TABLE OF CONTENTS
Spirulina, a so-named ‘superfood,’ is a blue algae that belong to the Oscillatonaceae family. Spirulina is said to have a long history of being used as a functional food, especially during the time of the Aztec civilization (J. C. Dillon, et. al. 1995). However, it became famous to the extent where it was lauded as a ‘superfood’ after its successful use as a dietary supplement by NASA for its Astronauts that were on a Space mission (Karkos et. al. 2011).
According to Nicoletti (2012), a functional food is one that, apart from providing nutrients and energy to the body, its effects on the body help to modulate one or more functions and thus help to thwart the development of diseases. In this article, we are going to explore this food source, its benefits, how to add it to your diet and what to look out for when purchasing this functional food. Well, here is your Spirulina Ultimate Guide. Let’s discuss!
Spirulina, a microscopic cyanobacterium, have a long history of being used as a food during the Aztec civilization (J. C. Dillon, et. al. 1995). Spirulina, as a food, is actually the dried biomass of what is called ‘Arthrospira Platensis’ a bacterium that is found in fresh and marine waters (Karkos et. al. 2011). However, while it is usually easy to cultivate, it only flourishes in lakes that are alkaline or have very high PH levels (Karkos et. al. 2011). It can also be cultivated in outdoor settings that are set up specifically for that purpose and that which is controlled. As such, it is usually found in countries that meet these criteria such as Japan, India, certain parts of Greece, namely Nigrita, Spain and the United States (Karkos et. al. 2011).
Spirulina is a highly sought-after food due to its high nutritional and protein contents. Reports suggest that it contains a protein content of up to seventy (70%) per cent of its dried weight. As such, fifty-seven-point five grams (57.5g) is said to provide over One Hundred and Fifteen (115%) per cent of the daily value. Spirulina also has all eight (8) essential amino acids such as lysine and tyrosine (J. Simpore et. al. 2006; S. Bensehaila, et. al. 2015 etc.). Other nutrients that make up this functional food include essential fatty acids, iron, Vitamin A (as beta carotene), vitamin E, vitamin K1, vitamin K2, thiamin (B1), riboflavin (B2), niacin (B3), pyridoxine (B6) and the controversial vitamin B12, calcium, iodine, zinc and magnesium among others.
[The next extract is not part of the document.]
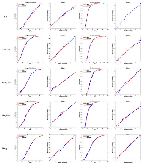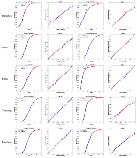 In this study, MVCAT software package in matlabR2020a was used for calculation, and 25 copula functions in the program were selected for fitting. The three copula functions with the best goodness of fit are selected and listed in descending order of goodness, as shown in Table 5. As can be seen from the table, except for Baota station, the optimal copula functions of the remaining nine stations are Roch-Alegre Copula, Fischer-Hinzmann Copula, Joe Copula and Burr Copula. The root mean square error (RMSE) and Nash-Sutcliffe efficiency coefficient (NSE) values and the standard deviation (SD) of observed values are also shown to evaluate the goodness of fit of the Copula function. When the NSE value is in the range of 0~1, the model performance is considered acceptable, when the NSE value is less than 0, the model performance is considered unacceptable, and when the NSE value is greater than or equal to 0.55, the model performance is good. The range of RMSE value is greater than or equal to 0 [43]. The closer the RMSE value is to 0, the better the model fitting effect is. Moreover, when the RMSE value is less than half of the SD value, it could also be considered as low and the model performance is acceptable [44,45]. As you can see from Table 5, the NSE values are high and acceptable; RMSE values are all less than half of the SD values and are acceptable. Further, the smaller the RMSE value and the larger the NSE value are, the better the fitting effect of the Copula function is. It should be noted that in The Jingbian station and Hengshan station, although the RMSE and NSE values of the Fischer-Hinzmann Copula indicate that it is the optimal copula function, nonetheless, one of the parameters of the calculated Fischer-Hinzmann Copula and Roch-Alegre Copula converge to the parameter boundary, they may not be a good fit, so the optimal copula function of Jingbian station and Hengshan station is selected Joe Copula.
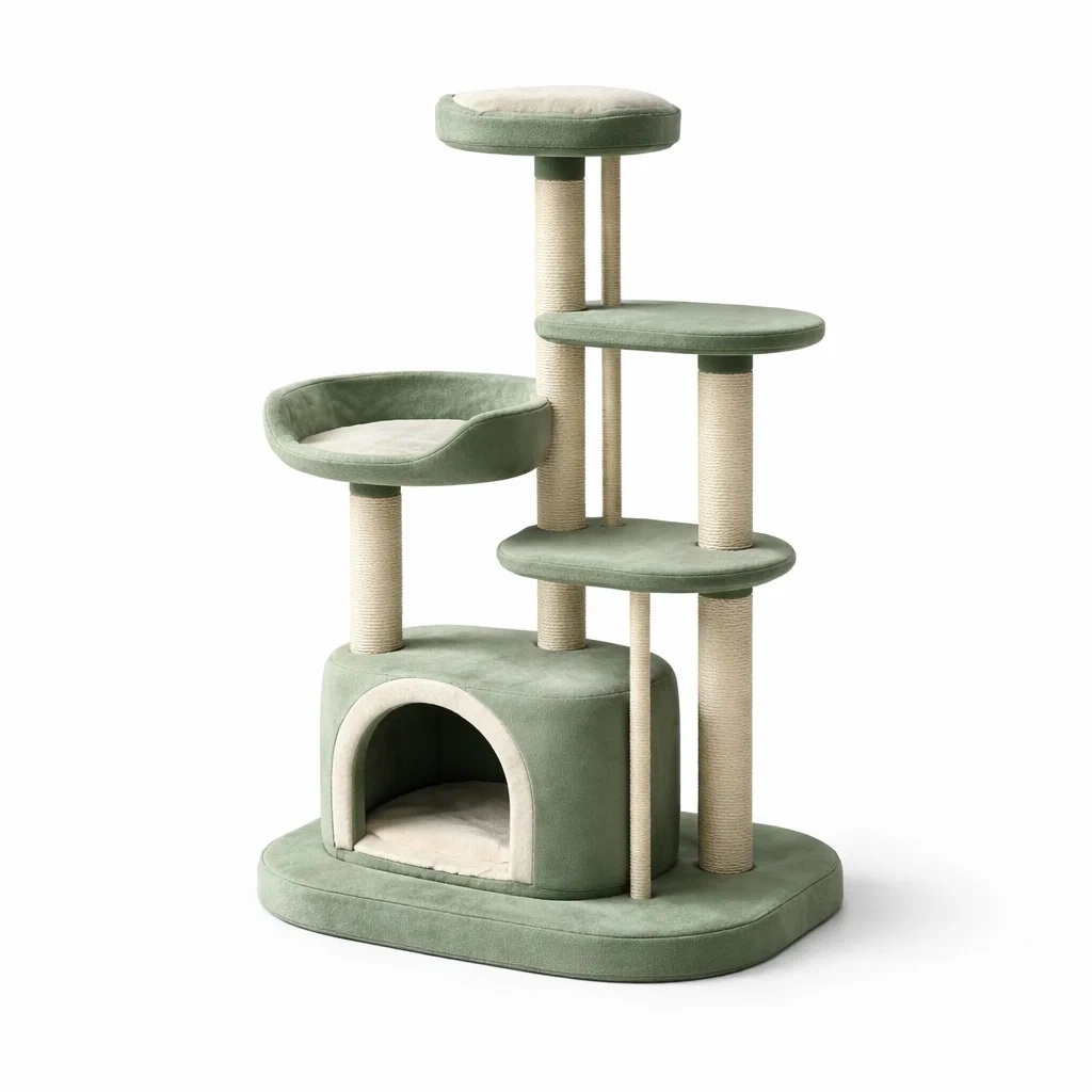 L'arbre à chat est fabriqué en bois avec des poteaux recouverts de sisal, idéal pour que les chats puissent griffer. Les plateformes et la niche sont recouvertes de tissu en polyester. Il mesure 120 cm de hauteur, 60 cm de longueur et 40 cm de largeur. Poids total : 15 kg.

It must be noted that the vitamin B12 that is found in Spirulina is said to be not effective in providing the human body with the necessary B12 as it is analogues or what is called a pseudovitamin. An analogue or pseudo vitamin B12 are molecules that resemble that of true vitamin B12 in their chemical disposition, but which are unable to be utilized by the human body (Watanabe et. al. 1999).
Spirulina is also said to have over One Hundred and Eighty (180%) per cent more calcium than whole milk, more beta-carotene than carrots as well as more iron than Popeye’s favourite spinach (Moorhead K, et. al. 2005). In addition, you may want to opt for a small serving of spirulina which purportedly has more antioxidant and anti-inflammatory properties in just three (3) grams than eating five (5) servings of fruits and vegetables (Moorhead K, et. al. 2005). Another of the touted benefits of consuming spirulina is that it is recognized as a useful candidate for the removal of heavy metals from the body (A. A. Al-Homaidan et. al. 2015; A. Celekli, M. et. al. 2010; L. Fang, C. Zhou et. al. 2011).
Due to its wealth of nutrition, it is reportedly used as a food source in some African regions, especially, in times of famine. According to reports, it was served as the only source of nutrition during periods of famine in some African communities and thus eaten for over a month at a time (Capel and Cysewski, 2010). Additionally, spirulina does not have any cellulose walls which makes it easily digestible by the body (J. C. Dillon, et. al. 1995).
In this article, we will be exploring five (5) scientific health benefits of spirulina which include, its ability to boost and protect the immune system, its anti-viral properties, its impact on cardiovascular and diabetes health, as well as its, reported anti-cancer properties. We will also discuss its noted side effects, who should avoid it, how to add it to your diet as well as explore if it is a good source of vitamin B12 as may have been purported.
You can read more on some additional nutritional powerhouses, with similar benefits like spirulina here.
- Moringa – Nature’s Multivitamin without a Bottle – Here are Five (5) Researched Reasons Why!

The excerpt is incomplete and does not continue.